Start of INPUT DATA

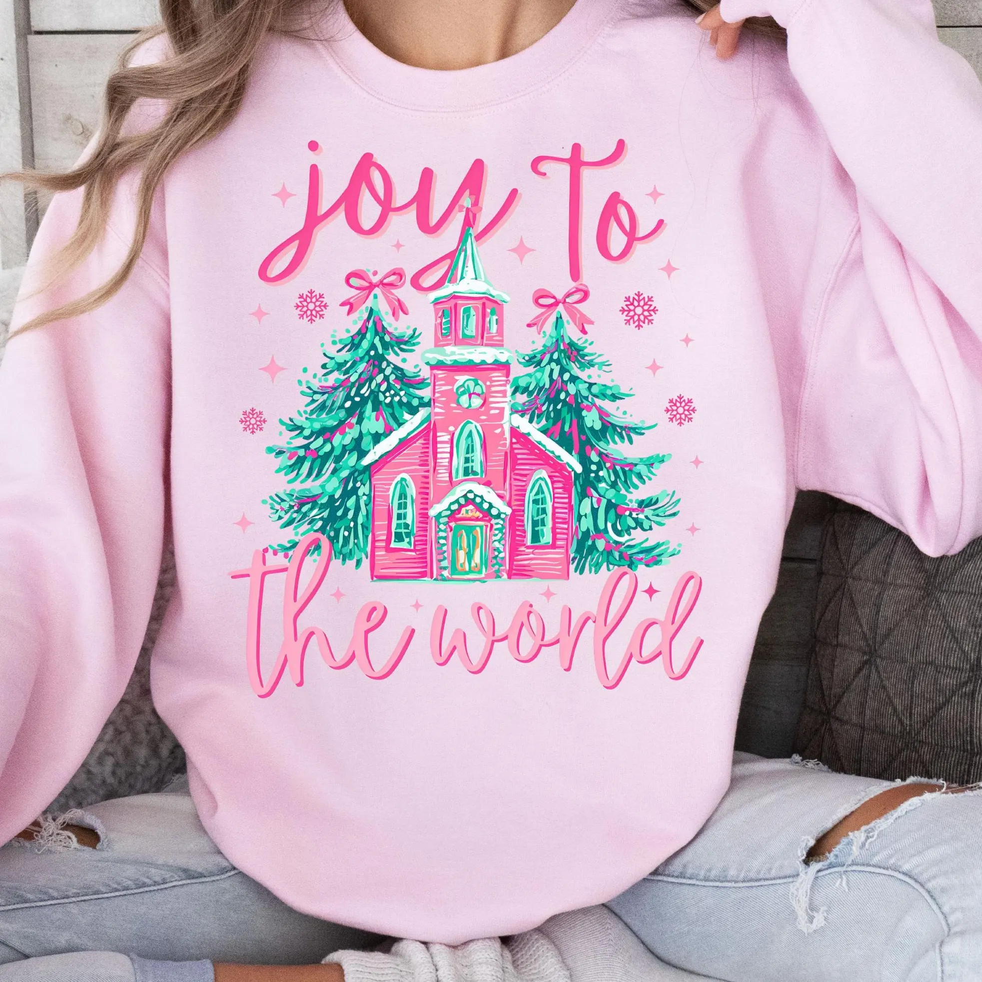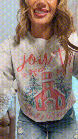 - Bold Script Lettering: The phrase “Joy to the World” is printed in a flowing, cheerful script in bright pink, adding warmth and personality to the design.
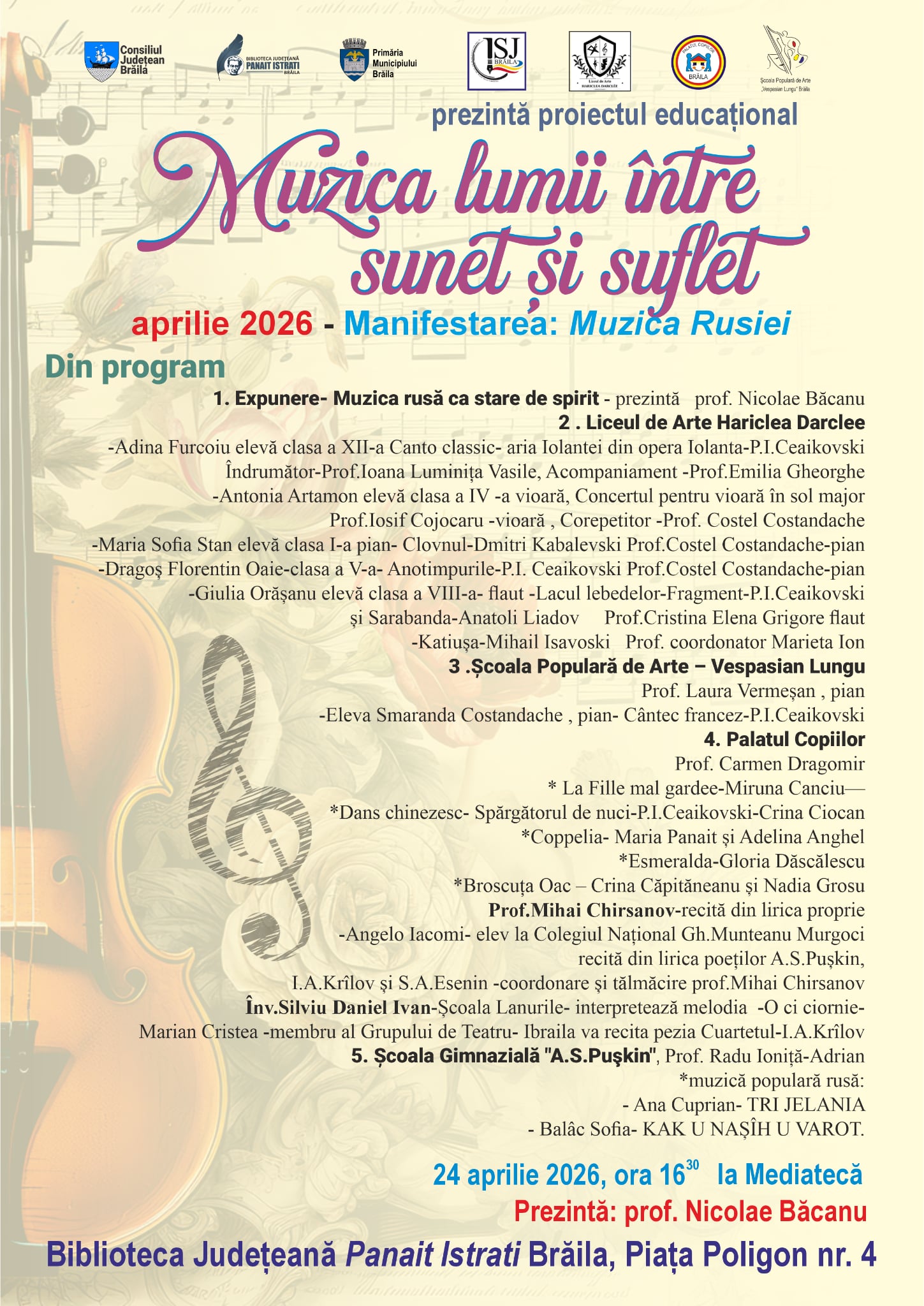 Vă invităm la un nou spectacol desfășurat în cadrul proiectului educațional „Muzica lumii între sunet și suflet”, dedicat de această dată universului artistic al Rusiei. Manifestarea „Muzica Rusiei” va avea loc pe 24 aprilie 2026, începând cu ora 16:30, la […]
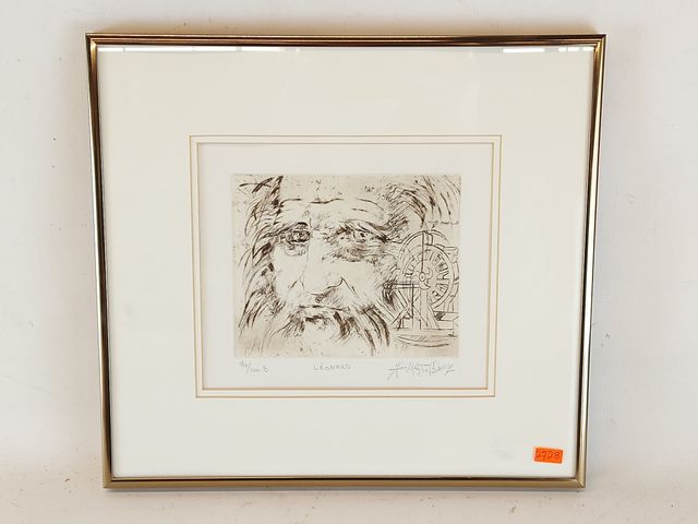 Lot # 162 - Joëlle B LEBLANC - Gravure sur papier signée et numérotée à la mine - titrée Léonard - mesurant 4.75x5.75 pouces SOLD

End of INPUT DATA

EXERCISE INSTRUCTIONS: Give an exact copy of the listing above that leaves out every picture.

EXERCISE OUTPUT:
 - Bold Script Lettering: The phrase “Joy to the World” is printed in a flowing, cheerful script in bright pink, adding warmth and personality to the design.
 Vă invităm la un nou spectacol desfășurat în cadrul proiectului educațional „Muzica lumii între sunet și suflet”, dedicat de această dată universului artistic al Rusiei. Manifestarea „Muzica Rusiei” va avea loc pe 24 aprilie 2026, începând cu ora 16:30, la […]
 Lot # 162 - Joëlle B LEBLANC - Gravure sur papier signée et numérotée à la mine - titrée Léonard - mesurant 4.75x5.75 pouces SOLD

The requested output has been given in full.